Here's another example with glmer()
, that seem to confirm your guess:
library(GLMMadaptive)
library(lme4)
#> Loading required package: Matrix
#>
#> Attaching package: 'lme4'
#> The following object is masked from 'package:GLMMadaptive':
#>
#> negative.binomial
library(HSAUR2)
#> Loading required package: tools
data("toenail")
m1 <- glmer(
outcome ~ treatment * visit + (1 | patientID),
data = toenail,
family = binomial,
nAGQ = 20
)
m2 <- mixed_model(
outcome ~ treatment * visit,
random = ~ 1 | patientID,
data = toenail,
family = binomial,
nAGQ = 20
)
fixef(m1)
#> (Intercept) treatmentterbinafine
#> -0.4530317 0.1583433
#> visit treatmentterbinafine:visit
#> -0.7913051 -0.2360022
fixef(m2)
#> (Intercept) treatmentterbinafine
#> -0.4665846 0.1585886
#> visit treatmentterbinafine:visit
#> -0.7915773 -0.2361823
m3 <- glmer(
outcome ~ treatment * visit + (1 | patientID),
data = toenail,
family = binomial
)
m4 <- mixed_model(
outcome ~ treatment * visit,
random = ~ 1 | patientID,
data = toenail,
family = binomial
)
fixef(m3)
#> (Intercept) treatmentterbinafine
#> -1.42518531 -0.01011846
#> visit treatmentterbinafine:visit
#> -0.80443955 -0.23512185
fixef(m4)
#> (Intercept) treatmentterbinafine
#> -0.5334504 0.1566945
#> visit treatmentterbinafine:visit
#> -0.7898613 -0.2357171
Created on 2019-01-22 by the reprex package (v0.2.1)

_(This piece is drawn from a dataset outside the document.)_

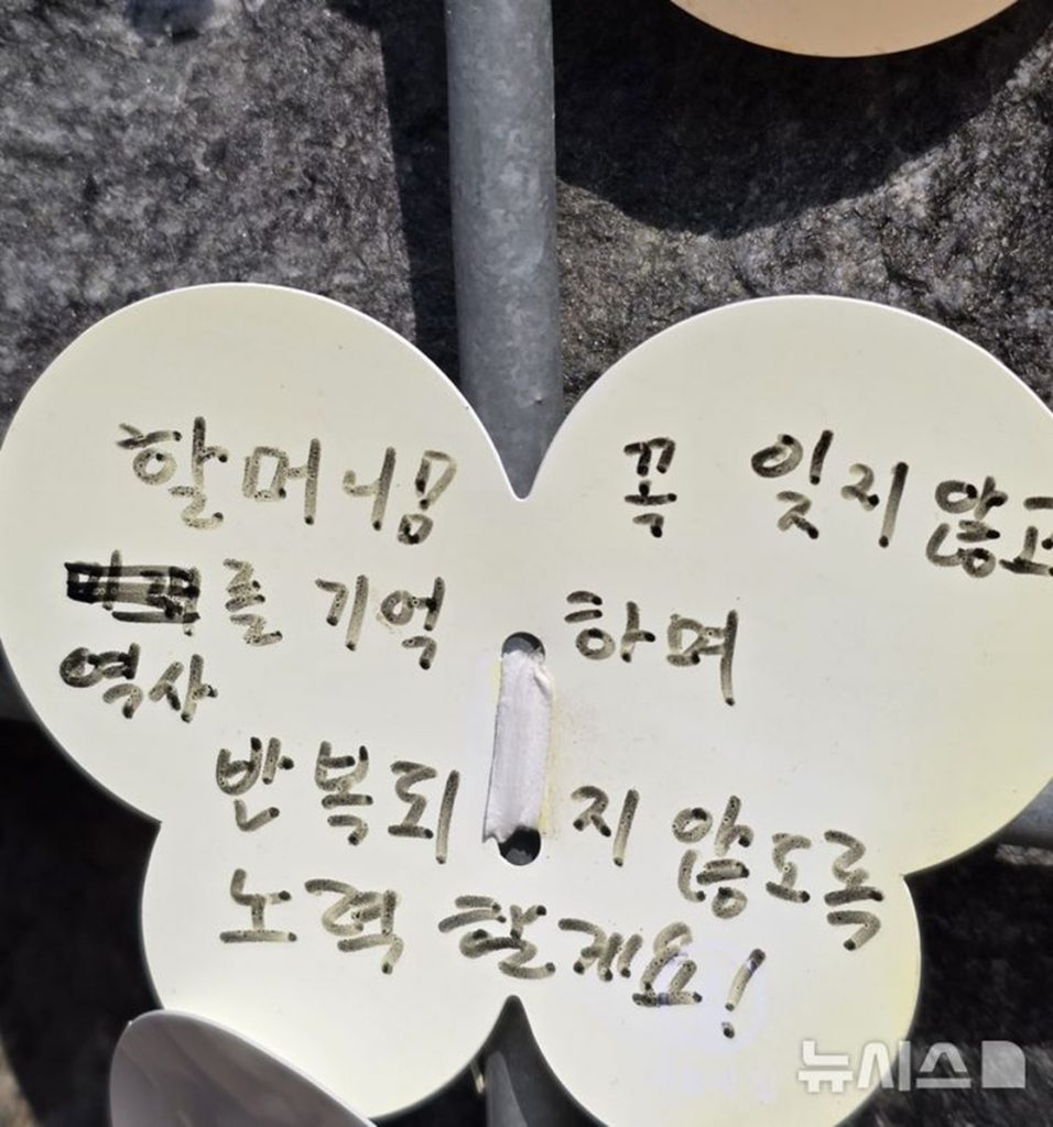 ナヌムの家の追悼の壁に、ある訪問者が残したメモ(c)NEWSIS
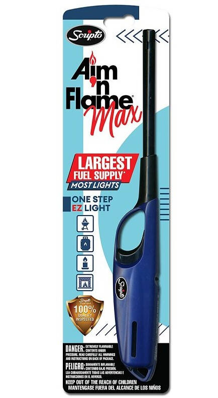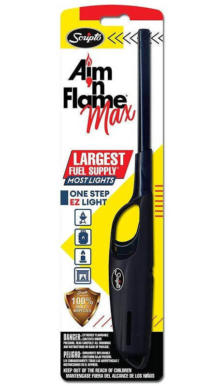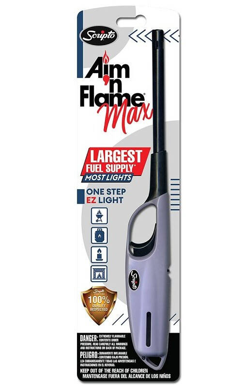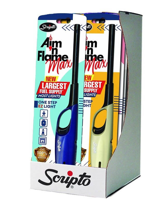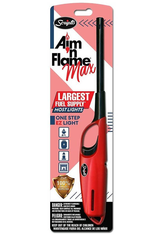 Aim 'N FlameĀ® Max, one of the top-selling multi-purpose lighters in the US has been renovated with a new look. Modernized with vibrant new packaging and fresh new handle colors red, blue, purple and neon green, the new Aim 'N FlameĀ® Max brings style to everyday lighting activities. Now with 41% more fuel.

Maybe you can close this issue then...
Well, this has been the motivation in the first place to develop this package. Namely, that it does matter which method you use to approximate the integrals and that the adaptive Gaussian quadrature is the one that is considered the "gold-standard".